Познание надлежащего — часть знания о сути и связи вещей. Аполлон открывает также сокрытое и предстоящее. Согласно «Одиссее», уже Агамемнон, прежде чем выступить против Трои, вопрошал Аполлона в Дельфах (8, ст. 79); сокровища его дельфийского святилища известны и «Илиаде» (9, ст. 404). «Пусть подадут мне изогнутый лук и любезную лиру. Людям начну прорицать я решенья неложные Зевса!» — таковы были, согласно Гомерову гимну (К Аполлону Делосскому, ст. 131 и далее), первые слова новорожденного Аполлона. Ему обязаны своим даром великие провидцы. Об этом в самом начале «Илиады» ясно говорит Калхас (1, ст. 72, 86). Особенно прославились женщины, такие как Кассандра и Сивиллы, которыми, иногда с пугающей мощью, овладевал дух этого бога. Но мы не будем задерживаться на отдельных явлениях, так же как и на многочисленных, отчасти широко прославившихся обиталищах оракулов, существовавших наряду с дельфийским. Мы также не станем задаваться вопросом, какая из форм прорицаний изначально принадлежала культу Аполлона. Сокровенное знание, какова бы ни была процедура его передачи, всегда связано с особенной возвышенностью духа. А это напоминает нам о поэзии и музыке.
Разве не следует ставить Аполлонову музыку в центр его многообразных достоинств? Разве не следует считать ее источником, из которого эти достоинства проистекают?
Другие боги также находят радость в музыке, но у Аполлона вся его природа, по-видимому, музыкальна.
В «Илиаде» он на пиршестве богов играет на лире (1, ст. 603 и далее), и поэт знает, что некогда Аполлон делал то же самое на свадебном пиру Фетиды и Пелея (24, ст. 63). О том, что Аполлон также сам пел — как его позже представляли в изобразительном искусстве, — Гомер нигде не говорит; у него поют только музы. Однако Аполлон вдохновляет певцов, и если их песни удачны, то их, должно быть, обучали музы или сам Аполлон (ср.: Одиссея, 8, 488). «От Муз и метателя стрел, Аполлона-владыки, все на земле и певцы происходят, и лирники-мужи», — говорит Гесиод (Теогония, ст. 94).

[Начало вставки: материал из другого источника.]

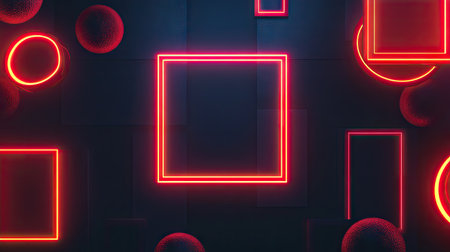 Vibrant design featuring various geometric shapes, including squares, rectangles, and circles, outlined with bright red neon light against a dark backdrop. The shapes and lighting create a dynamic and modern aesthetic. The shapes appear to be floating, or displayed against, a textured surface.
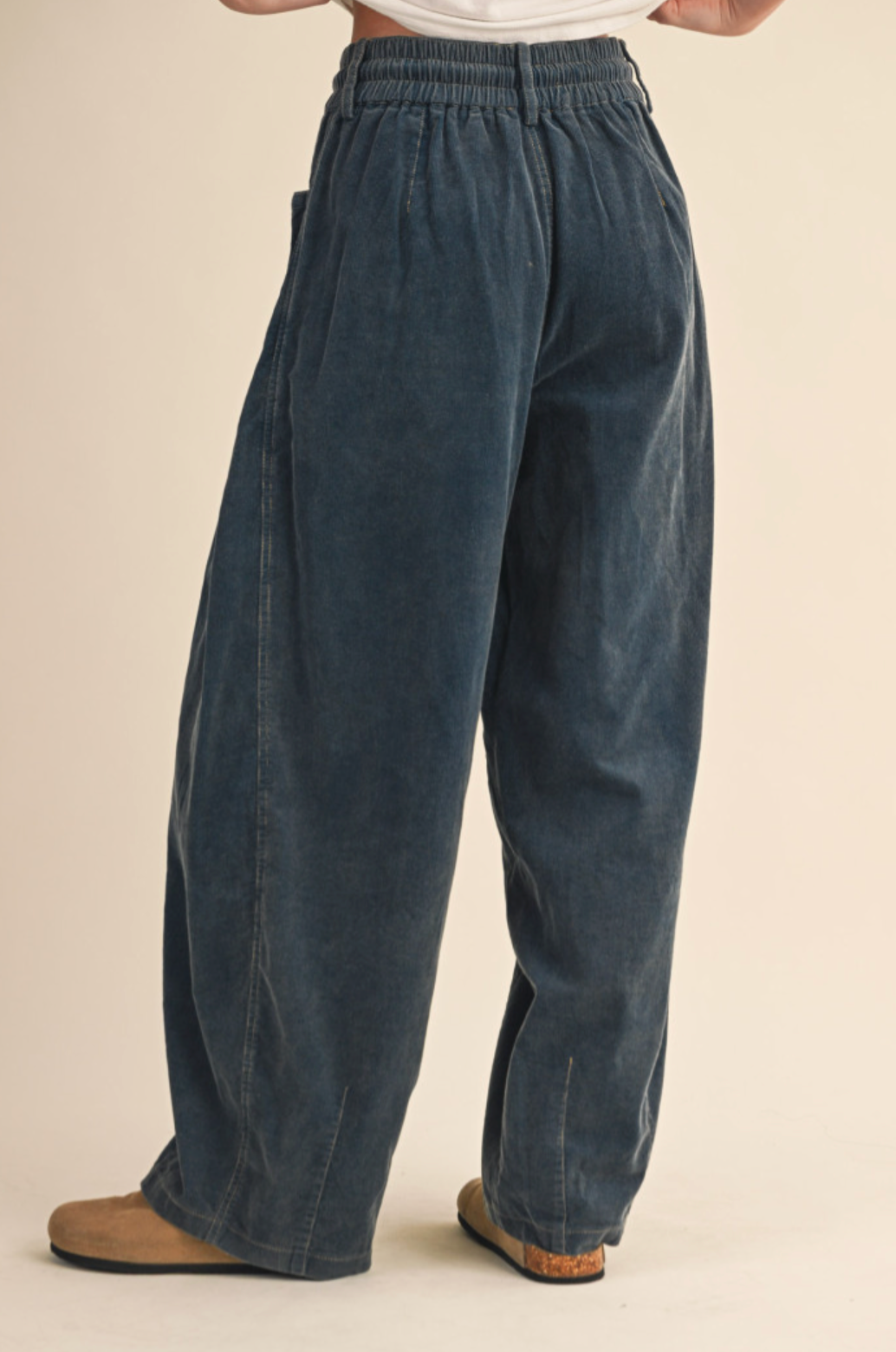 These trendy washed corduroy pleated barrel pants are just right for the changing of the seasons! Sturdy washed corduroy fabric shapes these stylish bottoms with a high drawstring waist and barrel-cut pant legs that fall to ankle-length hems. Oversized pockets with pleating detail adds a unique touch.

В гимне Аполлону Пифийскому великолепно описано, как при входе вступлении Аполлона на Олимп всех богов охватывает упоение музыкой:
Сменными хорами песнь начинают прекрасные Музы,
Божьи дары воспевают бессмертные голосом чудным
И терпеливую стойкость, с какою под властью бессмертных
Люди живут, — неумелые, с разумом скудным, не в силах
Средства от смерти найти и защиты от старости грустной.

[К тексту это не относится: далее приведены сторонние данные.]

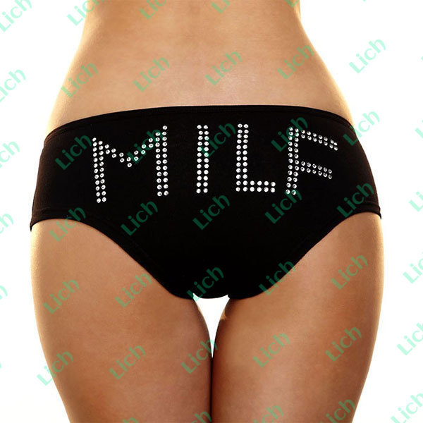 Комфортные и эластичные трусики-слип из гладкого однотонного материала, который приятно сидит на теле. Модель с заниженной линией талии, сзади с надпись из страз - MILF (аббревиатура, обозначающая на сленге: Мамаша, которую я бы не прочь поиметь).

Пышноволосые девы Хариты, веселые Оры,
Зевсова дочь Афродита, Гармония, юная Геба,
За руки взявшись, водить хоровод начинают веселый.
Не безобразная с ними танцует, не малая с виду,
Ростом великая, видом дивящая всех Артемида,
Стрелолюбивая дева, родная сестра Аполлона.
С ними же здесь веселятся и Арес могучий, и зоркий
Аргоубийца. А Феб-Аполлон на кифаре играет,
Дивно, высоко шагая. Вокруг него блещет сиянье,
Быстрые ноги мелькают, и пышные вьются одежды[45]
При его появлении «поют соловьи, ласточки и цикады», как говорится в гимне Алкея. Каллимах чувствует приближение бога: лавр трепещет, а в небесах поет лебедь (Гимн Аполлону, ст. 1 и далее). Даже у Клаудиана находим мы восторженное описание того, как просыпается голос лесов и пещер, когда входит Аполлон (De sexto consulate Honorii Augusti, 32).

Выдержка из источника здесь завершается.